This part of the report shows the utilization of the shared pool in some detail. You can see how over time, memory usage shifts from component to component, some sections giving up memory and others allocating more memory. I've found this section of the report most useful as a way to explain why something was reported in another section. For example, I received a series of StatsPack reports for analysis. They showed fairly constant hard and soft parse counts and then all of a sudden, the hard parses went through the roof for about an hour, then everything went back to normal. Using the reports, I was able to determine this at the same time the hard parse count shot up, the shared pool sql area memory usage decreased by a large amount, many tens of MB. Curious about this, I asked 'did someone flush the shared pool?' and the answer was 'of course, yes'. It was part of their standard operating procedure; every six hours they flushed the shared pool. Why? No one really knew, they just always did. In fact, a job was set up to do it.
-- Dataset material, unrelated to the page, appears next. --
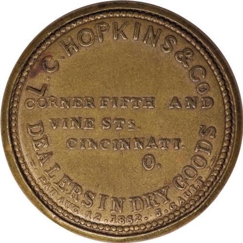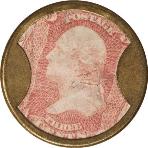 <B>HB-144 EP-48 Scott-103 Reed-HO03 3¢ L.C. Hopkins & Co. Extremely Fine.<BR>Numerical grade: 75case.75stamp.60mica. = 210</B></I> Although the Three Cent is the most common of the Hopkins pieces, it is itself an important rarity, with fewer than eight examples known in all grades. This particular piece is the second finest we know of. The case is a lovely XF, flawless save for a tiny stain at the "C" in L.C. Hopkins; the stamp is well centered and reasonably fresh and the mica primarily clear, though it does have a few cracks and crazes, the worst of which is a chip on Washington's neck. This piece was previously <BR>Lot 311 from the September 1967 Siegel sale of the Lilly Collection.<BR><I>From The Frederick Mayer Collection</B></I><BR><BR><b>Shipping:</b> Coins & Currency (<a target="_blank" href="http://www.heritageauctions.com/common/shipping.php">view shipping information</a>)

Disabling this job fixed the periodic performance issues, which were totally self-induced by flushing the shared pool (and hence flushing all of the plans that they spent the last six hours accumulating).

init.ora Parameters for DB: ORA8I  Instance: ora8i  Snaps: 1 -3                                                                   End value Parameter Name                Begin value                  (if different) ----------------------------- ---------------------------- -------------- background_dump_dest          /export/home/ora816/admin/ora8i/b compatible                    8.1.0, 8.1.6.0.0 control_files                 /d01/oradata/ora8i/control01.ctl, core_dump_dest                /export/home/ora816/admin/ora8i/c db_block_buffers              16384   End of Report      

The last part of the report is a listing of the init.ora parameters that differ from the default. These are useful in determining why something is occurring, similar to the shared pool memory report above. You can see quickly which parameters have been explicitly set and determine their effects on the system.

StatsPack Wrap-Up

StatsPack is a great tool to use on both production, and development systems. It will help you to determine the overall health of your database, as well as pinpoint potential bottlenecks. I strongly encourage people to use it continuously, as part of the day-to-day running of the system. There are plans to add additional analysis tools around the information collected by StatsPack, in particular some trend analysis, so you can not only see the delta between two points but you can see the trend over some arbitrary period of time.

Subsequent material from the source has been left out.